Eléments de contexte et histoire
Instituée à la fin des années 1970, la taxe professionnelle (TP) constituait un impôt général annuel perçu au profit des collectivités territoriales. Elle frappait les activités professionnelles exercées à titre habituel et non salarié et était due, sous réserve des exonérations limitativement prévues par la loi, par l’ensemble des personnes physiques ou morales exerçant une telle activité.
La TP a été supprimée par la loi de finances pour 2010 et remplacée par plusieurs dispositifs fiscaux (dont la CET), dont le rendement s’est révélé inférieur. Afin de compenser les pertes de ressources subies par les collectivités territoriales, la loi de finances pour 2010 a institué, à compter de 2011, une dotation de compensation de la réforme de la taxe professionnelle (DCRTP) ainsi qu’un fonds national de garantie individuelle des ressources communales et intercommunales (FNGIR).

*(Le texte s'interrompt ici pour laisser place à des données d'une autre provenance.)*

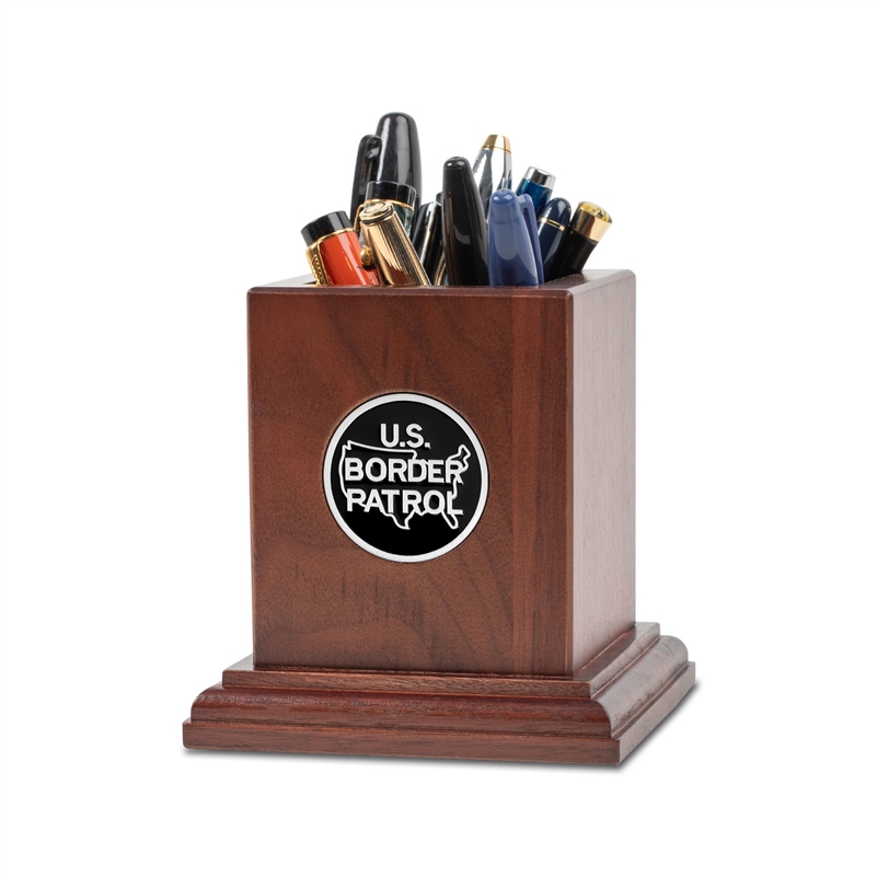 Wooden Pencil Cup w/ Agency Challenge Coin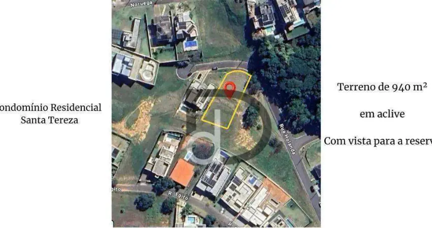 Terreno á venda com 940 m2 em acrive, Este terreno tem um potencial incrível para quem quer ter uma casa no alto, com vista. No condomínio Santa Tereza, que oferece segurança 24 horas, um belo clube, com: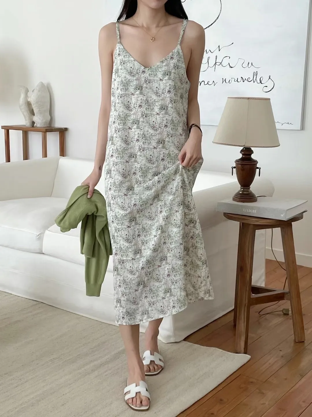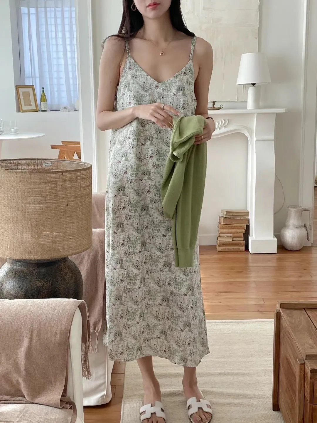 CM242優雅細肩帶美垂墜洋裝 米 綠 官網價$970 線上價$940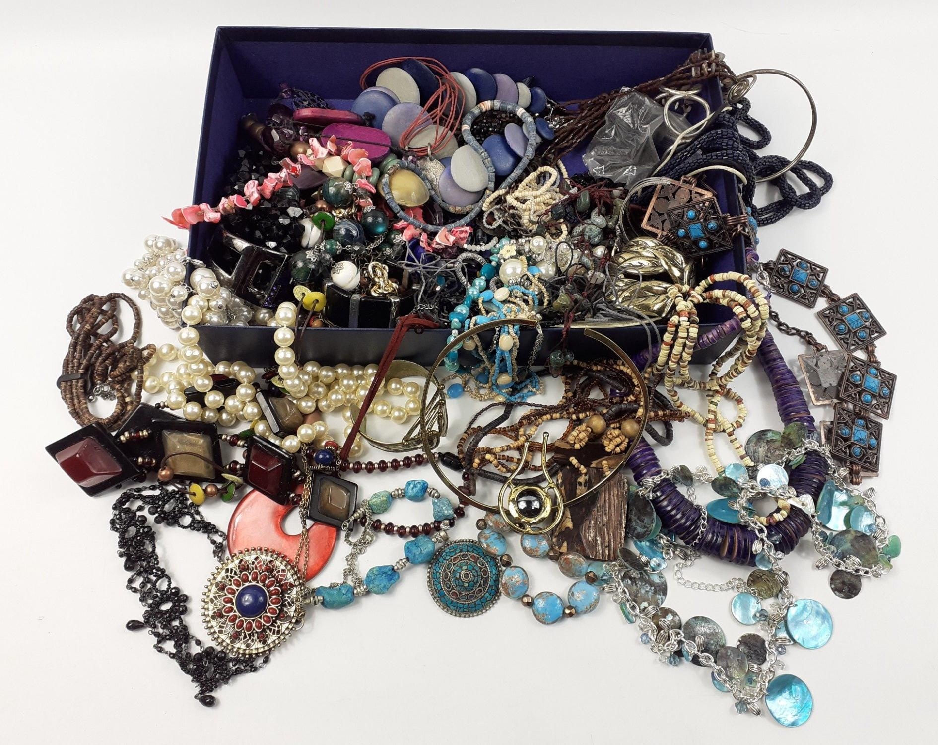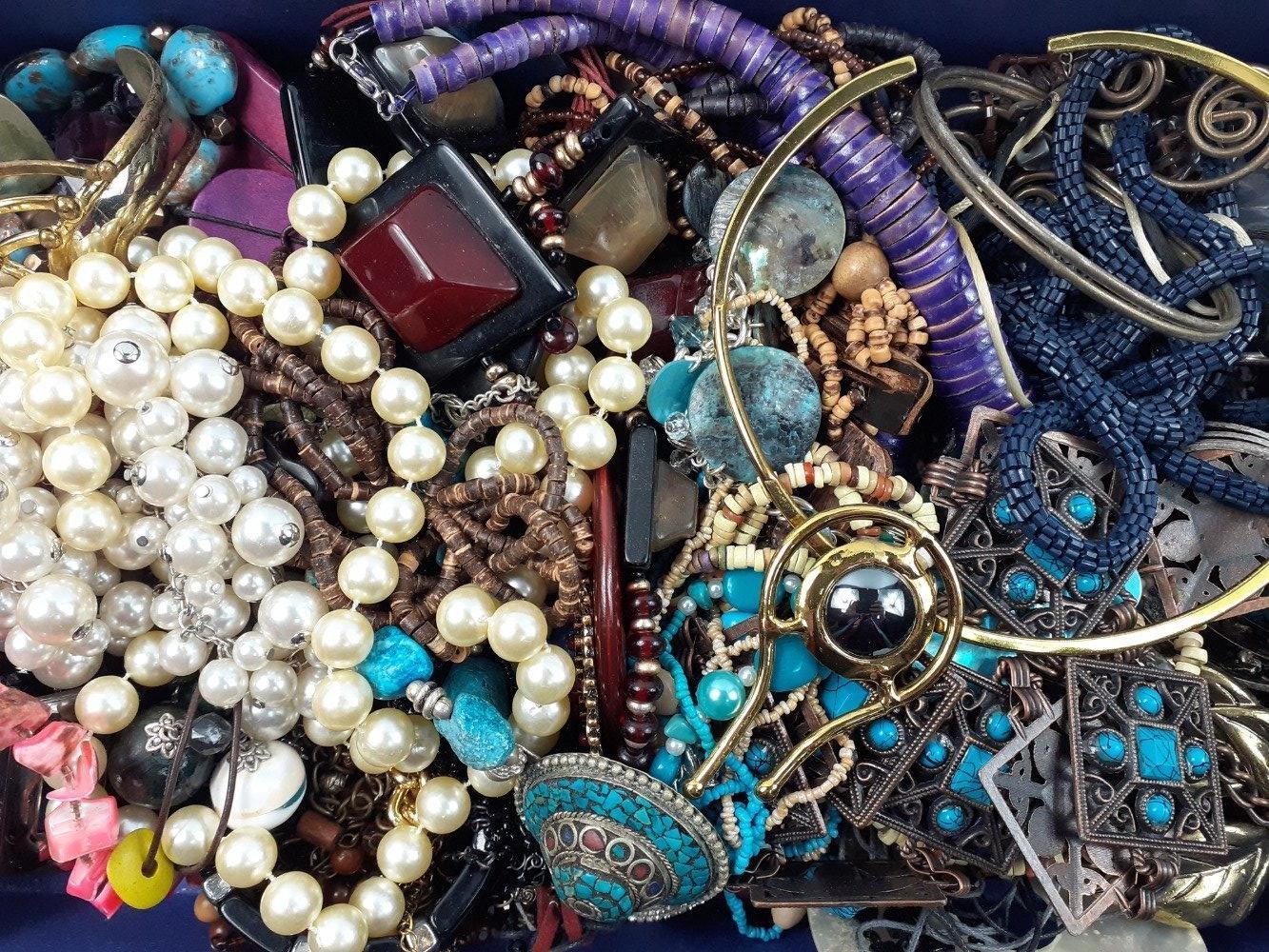 A box of a jumble of costume necklace. Definitely worth a rummage.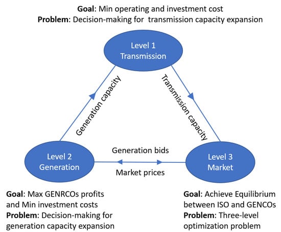 - Jin, S.; Ryan, S.M. A Tri-Level Model of Centralized Transmission and Decentralized Generation Expansion Planning for an Electricity Market—Part I. IEEE Trans. Power Syst. 2014, 29, 132–141. [Google Scholar] [CrossRef]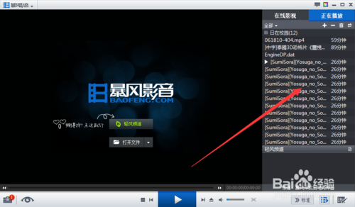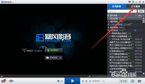 1、首先,我們打開暴風(fēng)影音主頁(yè)面,我們選擇正在播放將播放列表切換到正在播放列表

En octobre 2020, le Conseil d’État a jugé que l’Administration avait déterminé de manière erronée les bases de la taxe professionnelle due par une société à la commune de Dunkerque au titre des années 2006 et 2007. Cette erreur ayant eu pour effet de minorer les montants de DCRTP et de FNGIR perçus par la commune entre 2011 et 2020, celle-ci a présenté, en décembre 2020, une réclamation tendant au versement d’une indemnité destinée à réparer le préjudice subi.
Le TA a fait droit à cette demande. En revanche, la Cour administrative d’appel a considéré que seules les créances indemnitaires afférentes aux années 2018 à 2020 n’étaient pas prescrites. Elle a, en conséquence, réduit le montant de l’indemnité mise à la charge de l’Administration.

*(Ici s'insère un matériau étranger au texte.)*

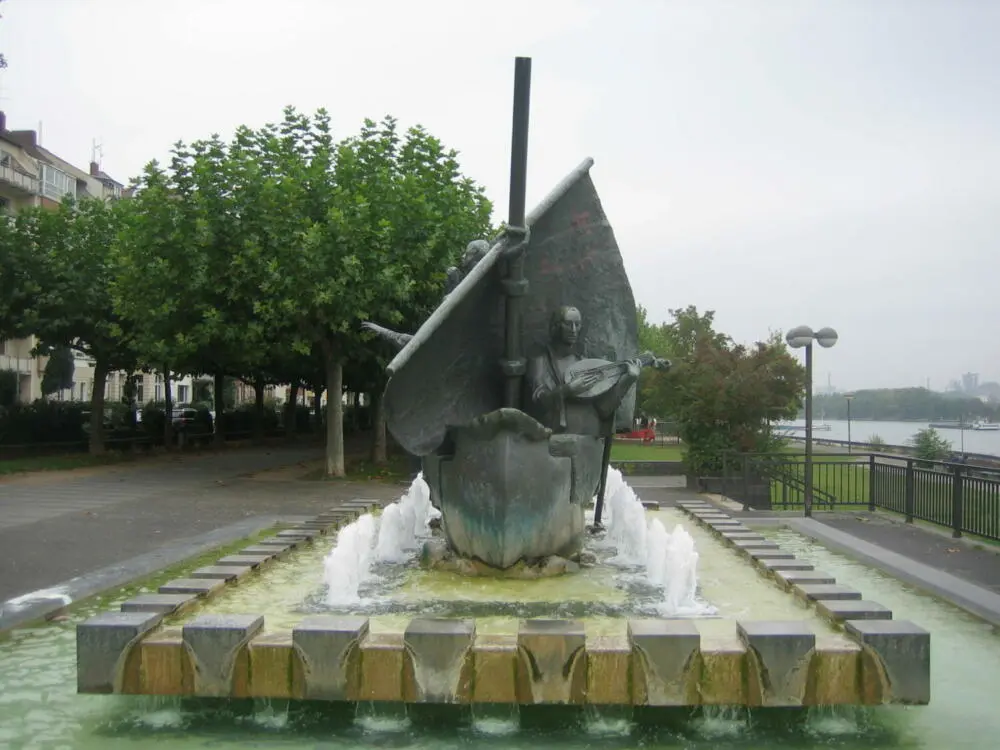 Die Frauenlob-Barke stellt den Mittelpunkt der  zwischen 1977 und 1980 umgestalteten Rheinuferpromenade zwischen Feldbergplatz und Kaisertor dar

La décision du Conseil d’État
Le Conseil d’État rappelle que, lorsqu’une créance indemnitaire détenue sur une personne publique tend à réparer un préjudice continu et évolutif, elle se rattache à chacune des années au cours desquelles ce préjudice est subi. Le délai de prescription court ainsi, pour chaque créance annuelle, à compter du 1er janvier de l’année suivante, dès lors que le préjudice est alors suffisamment certain et évaluable.
Il précise, par ailleurs, que les dispositions de l’article L. 190 A du LPF, qui limitent l’étendue des demandes indemnitaires fondées sur une faute de l’État en matière d’assiette, de contrôle ou de recouvrement de l’impôt (délai de 2 ans), n’ont ni pour objet ni pour effet de se substituer au délai de prescription quadriennale prévu par l’article 1er de la loi du 31 décembre 1968.
En conséquence, le Conseil d’État juge que la CAA a commis une erreur de droit en déclarant prescrites les créances indemnitaires afférentes aux années 2013 à 2017 sur le fondement de l’article L. 190 A du LPF, alors que leur prescription devait être appréciée au regard de la loi du 31 décembre 1968.
Faisant application de cette règle, il relève toutefois qu’à la date de la réclamation, le 16 décembre 2020, seules les créances relatives aux années 2013 à 2015 étaient déjà prescrites en vertu de cette même loi.
On retiendra que l’article L. 190 A LPF ne se substitue pas, en matière indemnitaire, à la prescription quadriennale de la loi du 31 décembre 1968. Les deux textes se cumulent : la loi de 1968 détermine si la créance indemnitaire contre l’État est encore exigible ; l’article L. 190 A du LPF limite ensuite la période au titre de laquelle le préjudice fiscal peut être réparé.
Tant que le préjudice invoqué se confond avec l’impôt payé, on retombe dans le contentieux fiscal de restitution (délais contentieux de droit commun – LFP art. R. 196-1 et R. 196-3) et il n’y a pas alors d’action indemnitaire possible.